Monary: Really fast analysis with MongoDB and NumPy

04:45 PM - 05:15 PM on August 16, 2014, Room 704

Kyle Suarez

Audience level:
intermediate
Watch:
http://youtu.be/oteFpXIKBYg

Description

NumPy arrays combine the speed of C with the convenience of Python. It is the fundamental package for scientific and statistical computing in Python. MongoDB’s scale, speed, and flexibility make it ideal for storing large amounts of data. However, the official MongoDB driver is not optimized for loading MongoDB documents into NumPy arrays. Enter “Monary”, which allows you to easily examine and manipulate data using NumPy arrays.

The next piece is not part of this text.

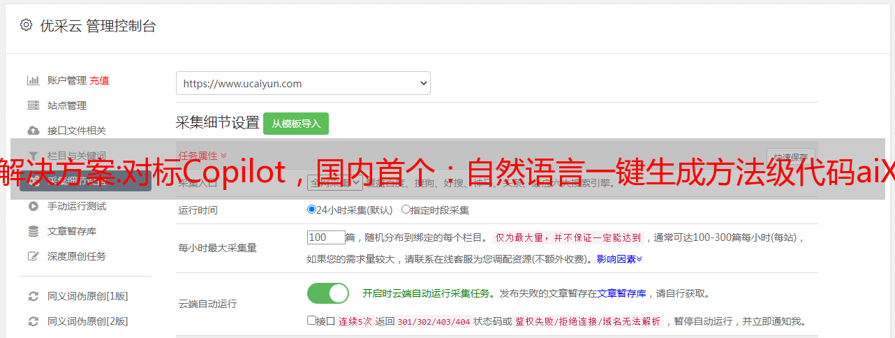 百度刚刚发布了智能书写界面,集成了百度领先的自然语言处理和知识图谱技术,提供自动书写和辅助书写能力,全面提升内容创作效率。我们不知道它是否可以改进。毕竟,我们不是一个专注的内容创作者,我们也不能很好地判断它。粗略体验了一下,感觉像是模板文字的升级版。相应的参数在数据库中提供并插入到 文章 中。提供从接口数据变量插入、在同一位置随机输出同义词、从数据变量导出输出等。
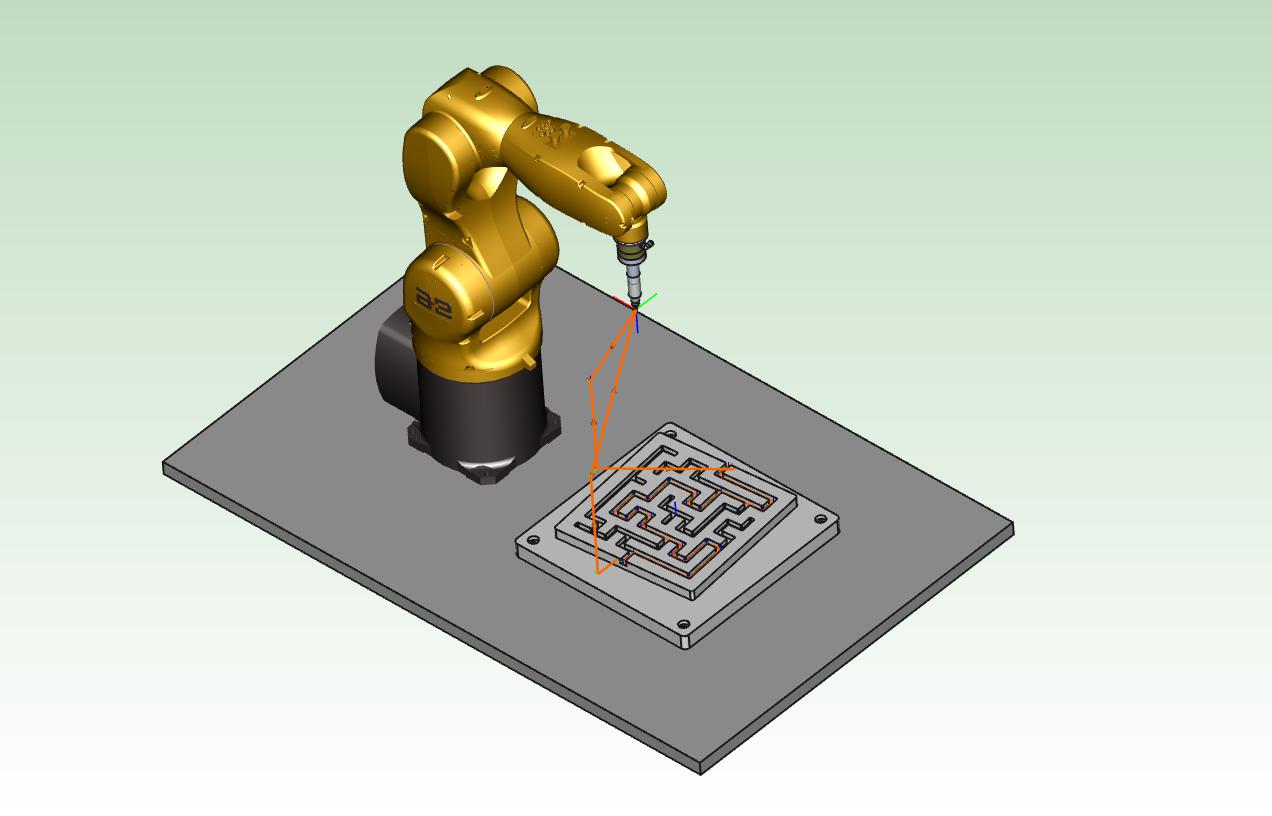 工业机器人走迷宫:该场景主要有一款普通六轴机器人和一个自定义机构、和一个含有迷宫一样的复杂零部件组成。该场景主要用来验证机器人和外部机构协同运动、同步工作的能力。比较炫酷新颖! 适合于涂胶、打磨、焊接、切割、铣槽等领域。

We will explore how Monary can accelerate your scientific analysis while providing you with the scale and flexibility of MongoDB and the ease of Python.

Abstract

For scientists, mathematicians, and programmers concerned with data, using MongoDB provides scale and flexibility, but can pose a problem: MongoDB stores data as documents, so Python programmers often retrieve the data as dictionaries. This format is prohibitive for data scientists who want to perform MapReduce or other column-oriented operations. Of course, the data in the dictionaries could then be copied over into a list or array, but this doubles the amount of work and scales poorly. How can we use MongoDB and Python with larger data sets?

The answer is Monary, a library with a simple solution: take the MongoDB documents and copy data directly into NumPy arrays. This talk will walk through a tutorial on using Monary, and we will offer under-the-hood explanations of how it all works. We will also give practical demonstrations of Monary’s speed benefits and uses.